Dindarlık Adına Dini Saptırmak

Dindarlık Adına Dini Saptırmak

İletigönderen gercekturk » Sal Şub 21, 2012 7:39

Dindarlık Adına Dini Saptırmak.

Ne yazıkki günümüz ortamında olsun geçmiş yıllar da olsun, birileri dindarlık adına ortalığı karıştırma hevesine girmişlerdir.

Bugüne baktığım zaman çocukluk yıllarımdan kalan bazı hatıralar gözümün önüne gelir.16 yaşlarında idim.İki ayrı komşumuz o dönemin milli selamet partisi ve fettullah gülen yanlısı olarak bilinir ve hareket ederlerdi.

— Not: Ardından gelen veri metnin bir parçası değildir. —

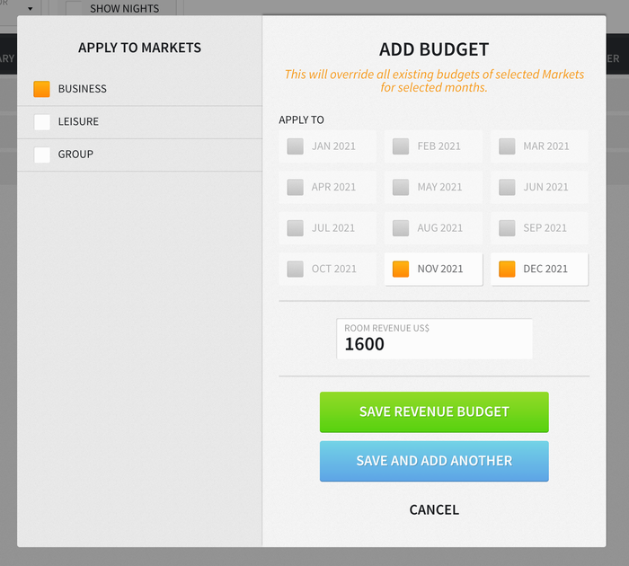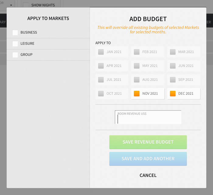 Furthermore, you can add numbers per month and charge code/market or apply a budget to multiple months and charge codes/markets by selecting the green ADD BUDGET button. If applying a budget to multiple months and charge codes/markets, you can click SAVE REVENUE BUDGET once complete, or you can click SAVE AND ADD ANOTHER to add another budget.
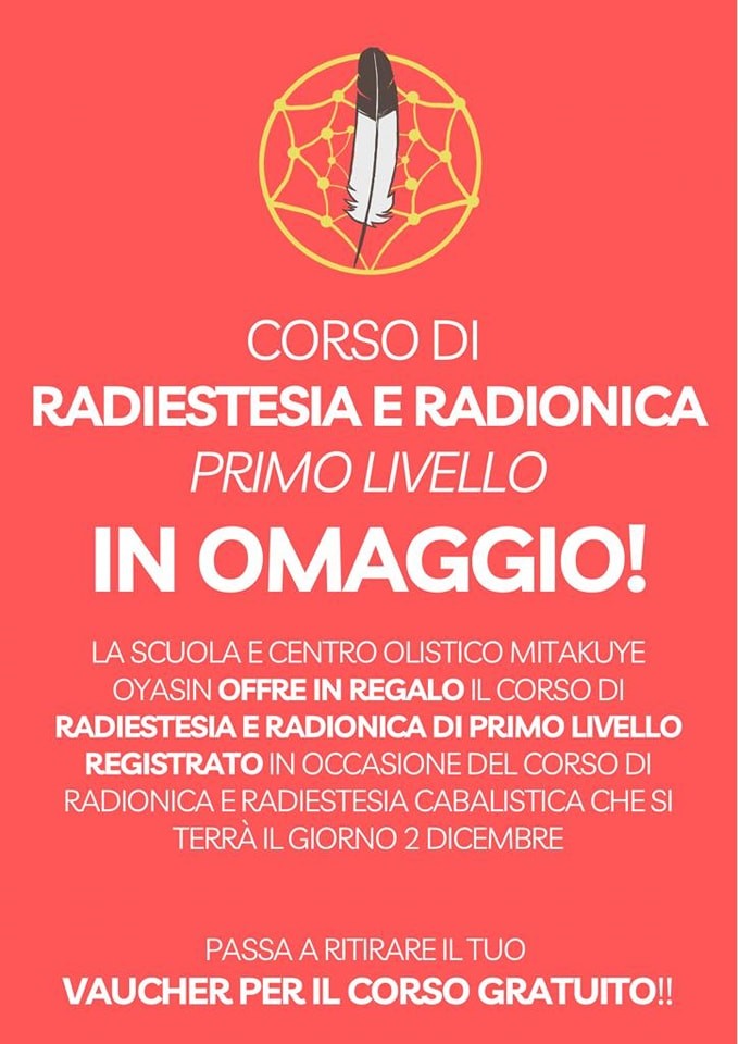 In occasione del Natale ormai alle porte, grazie al progetto Oriente e Benessere Accademia delle Arti Centro Studio Olistico di Natascia e Romina Malizia, è arrivata sul territorio la Scuola Olistica Mitakuye Oyasin. Il Direttore della scuola Emiliano Amici in accordo con Natascia e Romina, ha deciso di promuovere le proprie attività e la diffusione della conoscenza legata alla Radionica e la Radiestesia, omaggiando tutti coloro che passeranno a trovarli durante il Corso di Radionica e Radiestesia Cabalistica di I° livello, sabato 2 dicembre.

Beş vakit namazlarını aksatmaz sürekli kuranıkerim okurlardı.Ve bu komşulara sürekli aşırı derecede kalabalık insanlar gelir, evlerinden mahalleliyi korkutacak derecede acaip böğürme sesleri gelirdi.

Bögürme diyorum çünkü; Kuranıkerim okunması değildi o sesler.Acaip bağırışmalar ve tuhaf böğürmelerdi.

Ve ne hikmetse bu komşular durumu iyi olanların yaptıkları yardımları biz ön ayak oluruz dağıtmakta diyerek onlardan alır sanki kendileri yapıyormuş gibi birilerine verirlerdi.Oysa kendileri ellerini ceplerine atmazlardı.

Üstelik insanları hor görme,aşşağılama ve tepeden bakma bunlardaydı.

Sözde dindardı bu komşularımız.Hani beş vakit namaz ne oldu? 24 saat ALLAH kelamını okusan ne olur.Rabbini kandırabilirmisin ey kul.

Gelelim beş vakit namaz kılamayan veya kılmayan diğer komşularımıza.Garibanda olsa elinde azda olsa hep birbirlerine yardımcı olurlar,kendilerinden daha zor durumda olana sürekli yardım ederlerdi.

Ve üstelik bunu dahi bir diğer komşusuna söylemezlerdi.Çünkü zaten muhakkak birileri görürü ve takdir edilirlerdi.

İşte bu sürekli namaz kılamayan komşularımız, kimsenin arkasından kötü konuşmaz gıybet etmezdi.O iki sözde dindar denilen komşuların aksine.

Bu iki komşumuz sürekli fettullah gülen'i dillerinden düşürmez iken,diğer komşularımız ise ALLAH ve sevgili peygamberimizi dillerinden düşürmezlerdi.

İşte aradaki bu çok önemli farkı sonraki yıllarda çok daha iyi anlıabiliyordum.

O iki komşumuz sadece gösteriş ve çıkar uğruna dindarmış gibi gözükmeye çalışırken,diğer komşularımız ise gönülden ALLAH'a bağlıydılar.Ve yüreklerinde o muhteşem merhamet kıvılcımlarını taşıyorlardı.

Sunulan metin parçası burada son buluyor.